EXERCISE GOAL =>
In your copy, set down the entries exactly and exclude the pictures.

GIVEN INFORMATION =>
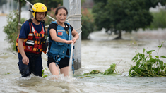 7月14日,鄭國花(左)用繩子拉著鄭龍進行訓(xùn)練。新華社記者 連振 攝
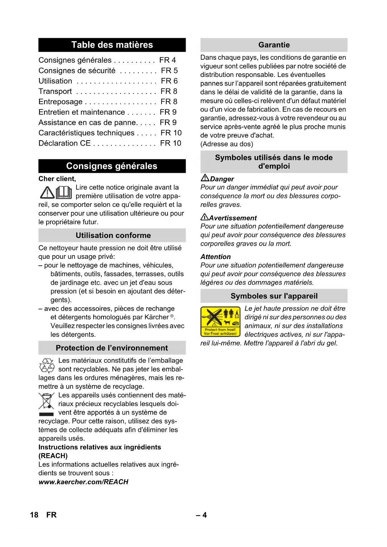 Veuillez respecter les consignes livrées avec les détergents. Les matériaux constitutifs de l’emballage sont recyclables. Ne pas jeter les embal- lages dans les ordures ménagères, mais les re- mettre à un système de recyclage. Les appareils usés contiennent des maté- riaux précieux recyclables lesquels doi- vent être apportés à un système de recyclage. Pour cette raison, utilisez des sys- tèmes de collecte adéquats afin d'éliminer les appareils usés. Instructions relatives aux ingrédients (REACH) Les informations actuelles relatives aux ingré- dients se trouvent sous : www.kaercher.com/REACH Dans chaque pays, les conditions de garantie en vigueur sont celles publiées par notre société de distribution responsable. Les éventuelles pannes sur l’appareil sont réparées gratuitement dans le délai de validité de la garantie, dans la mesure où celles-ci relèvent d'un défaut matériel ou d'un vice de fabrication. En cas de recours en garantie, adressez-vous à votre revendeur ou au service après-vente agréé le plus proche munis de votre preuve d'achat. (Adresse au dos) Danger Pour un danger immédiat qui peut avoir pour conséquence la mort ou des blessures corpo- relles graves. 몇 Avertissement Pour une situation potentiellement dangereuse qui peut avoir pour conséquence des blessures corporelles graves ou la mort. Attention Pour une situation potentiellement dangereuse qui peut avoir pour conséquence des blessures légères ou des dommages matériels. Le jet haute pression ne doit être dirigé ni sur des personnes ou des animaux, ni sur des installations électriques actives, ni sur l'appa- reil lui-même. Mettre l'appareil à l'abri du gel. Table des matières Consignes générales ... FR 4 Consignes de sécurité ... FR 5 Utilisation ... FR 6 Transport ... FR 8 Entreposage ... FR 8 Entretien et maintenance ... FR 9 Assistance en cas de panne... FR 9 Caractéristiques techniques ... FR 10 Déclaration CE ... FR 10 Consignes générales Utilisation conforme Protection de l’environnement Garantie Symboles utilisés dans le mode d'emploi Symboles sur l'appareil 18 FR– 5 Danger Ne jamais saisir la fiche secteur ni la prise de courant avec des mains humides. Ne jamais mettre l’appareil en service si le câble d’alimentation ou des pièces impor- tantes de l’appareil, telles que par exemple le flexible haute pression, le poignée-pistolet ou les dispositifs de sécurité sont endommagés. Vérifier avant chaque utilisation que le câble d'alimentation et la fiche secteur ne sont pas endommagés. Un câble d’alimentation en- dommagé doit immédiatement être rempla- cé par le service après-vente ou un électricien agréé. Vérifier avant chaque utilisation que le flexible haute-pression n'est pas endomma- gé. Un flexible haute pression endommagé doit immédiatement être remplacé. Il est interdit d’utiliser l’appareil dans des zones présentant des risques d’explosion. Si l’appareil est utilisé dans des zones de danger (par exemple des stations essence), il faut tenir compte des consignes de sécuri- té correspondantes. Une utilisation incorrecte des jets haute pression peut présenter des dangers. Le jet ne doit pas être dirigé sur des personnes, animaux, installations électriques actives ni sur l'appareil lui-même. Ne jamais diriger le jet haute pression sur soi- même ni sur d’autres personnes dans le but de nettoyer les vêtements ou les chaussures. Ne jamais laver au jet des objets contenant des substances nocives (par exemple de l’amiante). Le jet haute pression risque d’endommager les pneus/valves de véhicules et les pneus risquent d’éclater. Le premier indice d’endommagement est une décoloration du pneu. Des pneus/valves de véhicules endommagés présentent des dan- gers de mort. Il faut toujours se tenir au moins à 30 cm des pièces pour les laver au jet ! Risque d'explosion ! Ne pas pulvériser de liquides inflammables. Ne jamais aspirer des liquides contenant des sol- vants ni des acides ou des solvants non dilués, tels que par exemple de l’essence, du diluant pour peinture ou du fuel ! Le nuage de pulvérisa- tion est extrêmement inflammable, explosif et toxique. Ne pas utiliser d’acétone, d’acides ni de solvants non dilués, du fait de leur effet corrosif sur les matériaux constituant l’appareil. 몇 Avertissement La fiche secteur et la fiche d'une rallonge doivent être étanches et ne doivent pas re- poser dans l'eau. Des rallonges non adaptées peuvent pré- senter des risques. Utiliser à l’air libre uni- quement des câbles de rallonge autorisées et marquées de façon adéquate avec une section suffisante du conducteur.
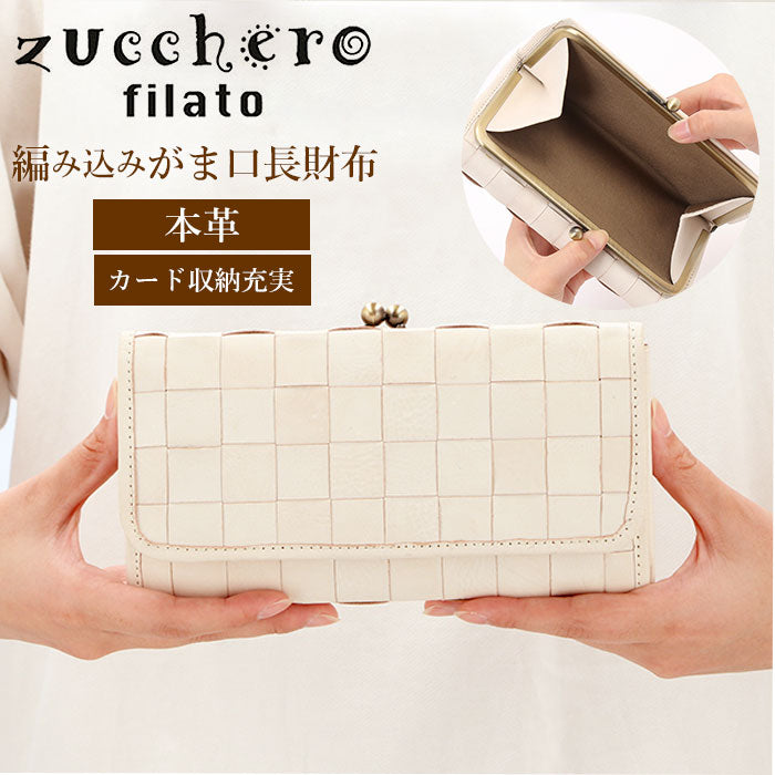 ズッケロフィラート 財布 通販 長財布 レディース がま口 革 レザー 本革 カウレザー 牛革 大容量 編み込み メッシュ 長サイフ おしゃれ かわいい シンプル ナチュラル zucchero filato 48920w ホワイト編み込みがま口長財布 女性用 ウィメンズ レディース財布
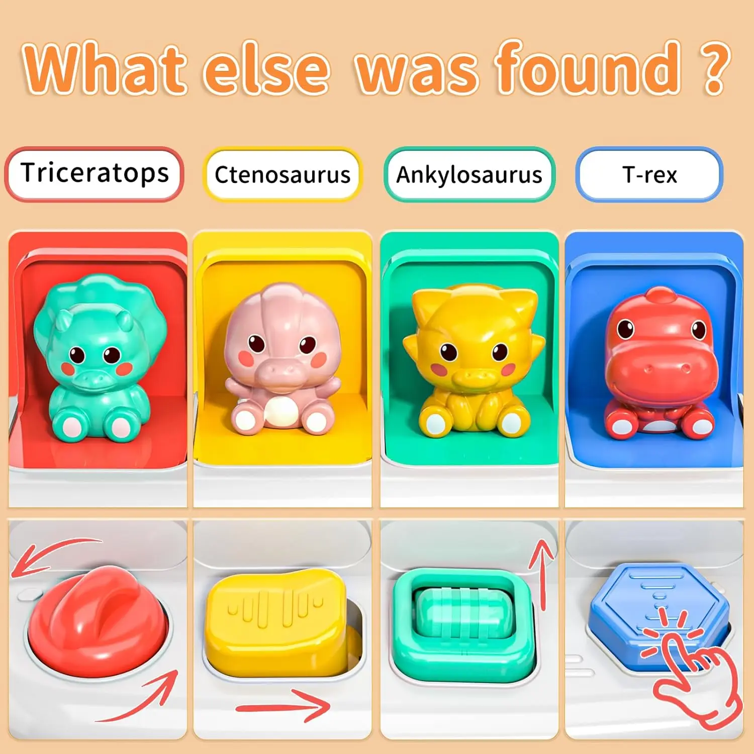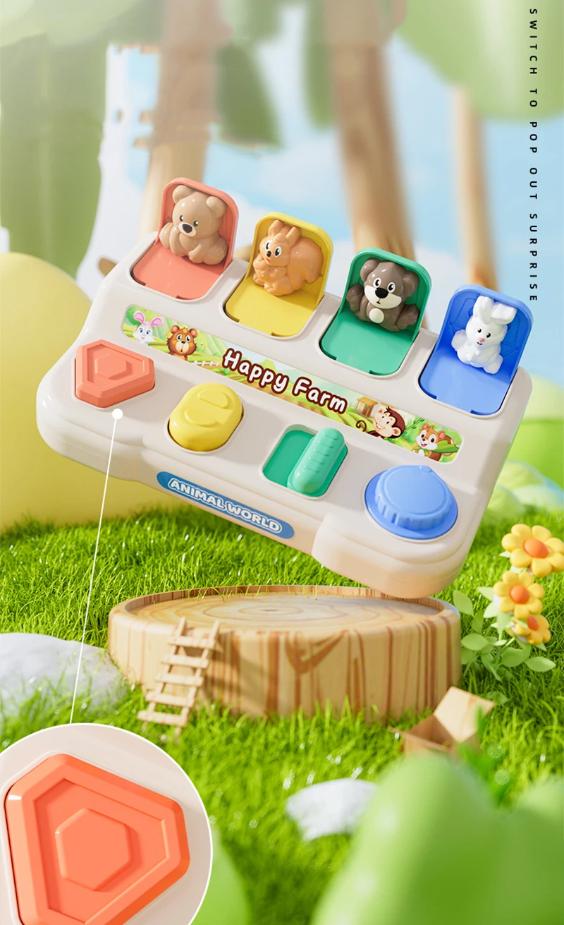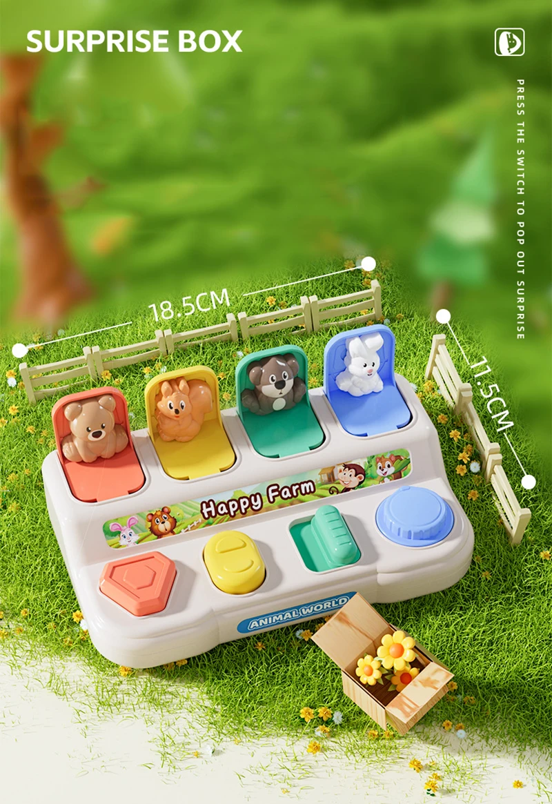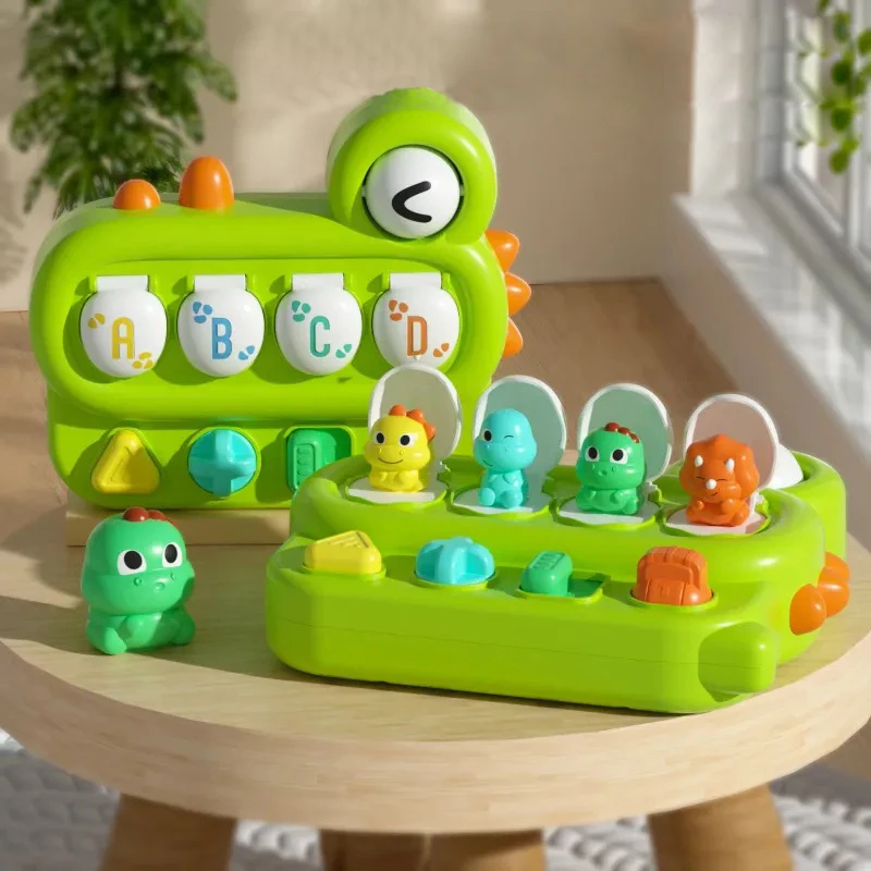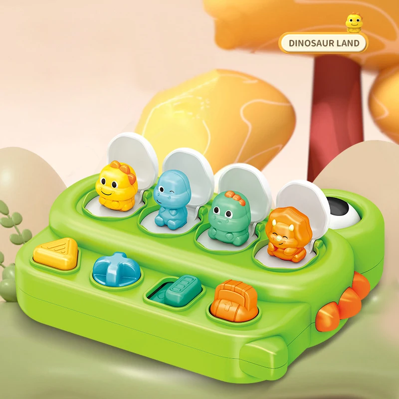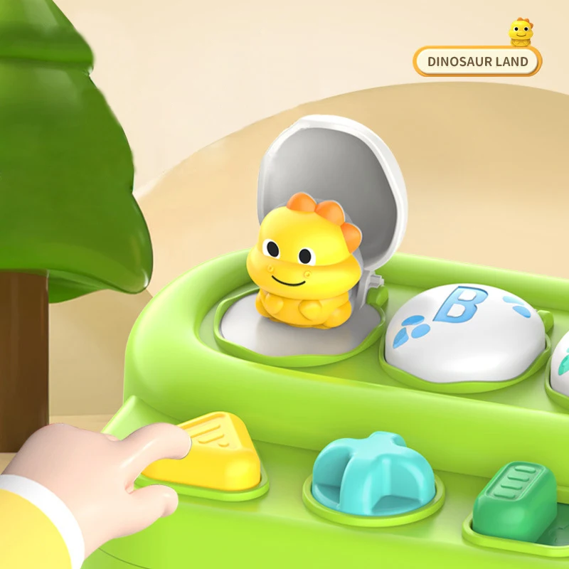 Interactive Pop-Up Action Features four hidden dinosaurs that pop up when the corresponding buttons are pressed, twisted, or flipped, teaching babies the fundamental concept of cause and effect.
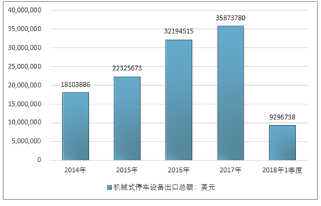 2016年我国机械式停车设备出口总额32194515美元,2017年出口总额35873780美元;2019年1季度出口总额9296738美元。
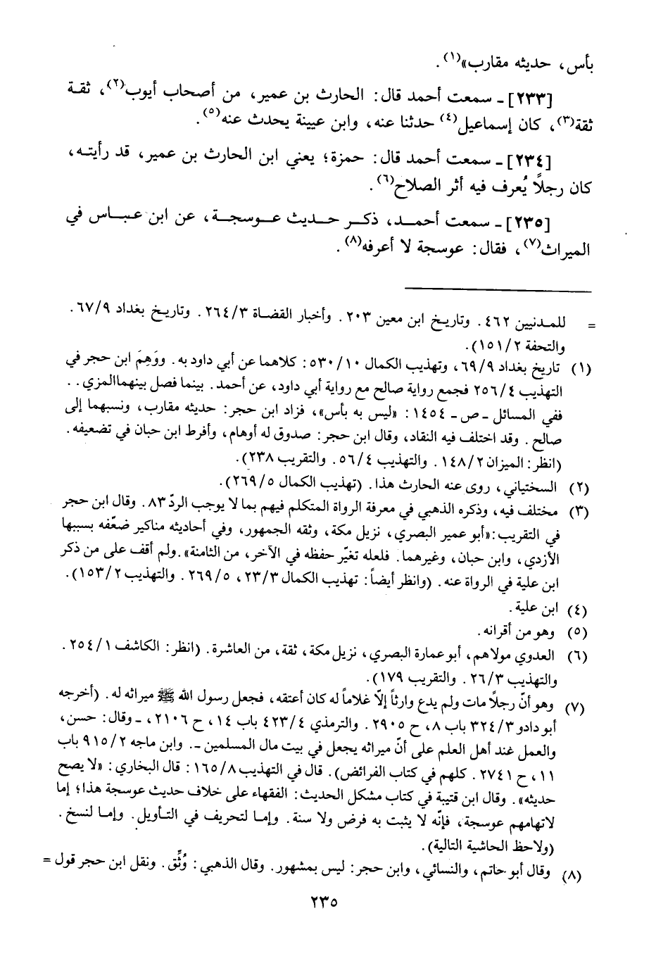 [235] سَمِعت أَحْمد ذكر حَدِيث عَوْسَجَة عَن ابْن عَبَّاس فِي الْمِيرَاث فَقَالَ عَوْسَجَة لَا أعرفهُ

ANSWER =>
 7月14日,鄭國花(左)用繩子拉著鄭龍進行訓(xùn)練。新華社記者 連振 攝
 Veuillez respecter les consignes livrées avec les détergents. Les matériaux constitutifs de l’emballage sont recyclables. Ne pas jeter les embal- lages dans les ordures ménagères, mais les re- mettre à un système de recyclage. Les appareils usés contiennent des maté- riaux précieux recyclables lesquels doi- vent être apportés à un système de recyclage. Pour cette raison, utilisez des sys- tèmes de collecte adéquats afin d'éliminer les appareils usés. Instructions relatives aux ingrédients (REACH) Les informations actuelles relatives aux ingré- dients se trouvent sous : www.kaercher.com/REACH Dans chaque pays, les conditions de garantie en vigueur sont celles publiées par notre société de distribution responsable. Les éventuelles pannes sur l’appareil sont réparées gratuitement dans le délai de validité de la garantie, dans la mesure où celles-ci relèvent d'un défaut matériel ou d'un vice de fabrication. En cas de recours en garantie, adressez-vous à votre revendeur ou au service après-vente agréé le plus proche munis de votre preuve d'achat. (Adresse au dos) Danger Pour un danger immédiat qui peut avoir pour conséquence la mort ou des blessures corpo- relles graves. 몇 Avertissement Pour une situation potentiellement dangereuse qui peut avoir pour conséquence des blessures corporelles graves ou la mort. Attention Pour une situation potentiellement dangereuse qui peut avoir pour conséquence des blessures légères ou des dommages matériels. Le jet haute pression ne doit être dirigé ni sur des personnes ou des animaux, ni sur des installations électriques actives, ni sur l'appa- reil lui-même. Mettre l'appareil à l'abri du gel. Table des matières Consignes générales ... FR 4 Consignes de sécurité ... FR 5 Utilisation ... FR 6 Transport ... FR 8 Entreposage ... FR 8 Entretien et maintenance ... FR 9 Assistance en cas de panne... FR 9 Caractéristiques techniques ... FR 10 Déclaration CE ... FR 10 Consignes générales Utilisation conforme Protection de l’environnement Garantie Symboles utilisés dans le mode d'emploi Symboles sur l'appareil 18 FR– 5 Danger Ne jamais saisir la fiche secteur ni la prise de courant avec des mains humides. Ne jamais mettre l’appareil en service si le câble d’alimentation ou des pièces impor- tantes de l’appareil, telles que par exemple le flexible haute pression, le poignée-pistolet ou les dispositifs de sécurité sont endommagés. Vérifier avant chaque utilisation que le câble d'alimentation et la fiche secteur ne sont pas endommagés. Un câble d’alimentation en- dommagé doit immédiatement être rempla- cé par le service après-vente ou un électricien agréé. Vérifier avant chaque utilisation que le flexible haute-pression n'est pas endomma- gé. Un flexible haute pression endommagé doit immédiatement être remplacé. Il est interdit d’utiliser l’appareil dans des zones présentant des risques d’explosion. Si l’appareil est utilisé dans des zones de danger (par exemple des stations essence), il faut tenir compte des consignes de sécuri- té correspondantes. Une utilisation incorrecte des jets haute pression peut présenter des dangers. Le jet ne doit pas être dirigé sur des personnes, animaux, installations électriques actives ni sur l'appareil lui-même. Ne jamais diriger le jet haute pression sur soi- même ni sur d’autres personnes dans le but de nettoyer les vêtements ou les chaussures. Ne jamais laver au jet des objets contenant des substances nocives (par exemple de l’amiante). Le jet haute pression risque d’endommager les pneus/valves de véhicules et les pneus risquent d’éclater. Le premier indice d’endommagement est une décoloration du pneu. Des pneus/valves de véhicules endommagés présentent des dan- gers de mort. Il faut toujours se tenir au moins à 30 cm des pièces pour les laver au jet ! Risque d'explosion ! Ne pas pulvériser de liquides inflammables. Ne jamais aspirer des liquides contenant des sol- vants ni des acides ou des solvants non dilués, tels que par exemple de l’essence, du diluant pour peinture ou du fuel ! Le nuage de pulvérisa- tion est extrêmement inflammable, explosif et toxique. Ne pas utiliser d’acétone, d’acides ni de solvants non dilués, du fait de leur effet corrosif sur les matériaux constituant l’appareil. 몇 Avertissement La fiche secteur et la fiche d'une rallonge doivent être étanches et ne doivent pas re- poser dans l'eau. Des rallonges non adaptées peuvent pré- senter des risques. Utiliser à l’air libre uni- quement des câbles de rallonge autorisées et marquées de façon adéquate avec une section suffisante du conducteur.
 ズッケロフィラート 財布 通販 長財布 レディース がま口 革 レザー 本革 カウレザー 牛革 大容量 編み込み メッシュ 長サイフ おしゃれ かわいい シンプル ナチュラル zucchero filato 48920w ホワイト編み込みがま口長財布 女性用 ウィメンズ レディース財布
 Interactive Pop-Up Action Features four hidden dinosaurs that pop up when the corresponding buttons are pressed, twisted, or flipped, teaching babies the fundamental concept of cause and effect.
 2016年我国机械式停车设备出口总额32194515美元,2017年出口总额35873780美元;2019年1季度出口总额9296738美元。
 [235] سَمِعت أَحْمد ذكر حَدِيث عَوْسَجَة عَن ابْن عَبَّاس فِي الْمِيرَاث فَقَالَ عَوْسَجَة لَا أعرفهُ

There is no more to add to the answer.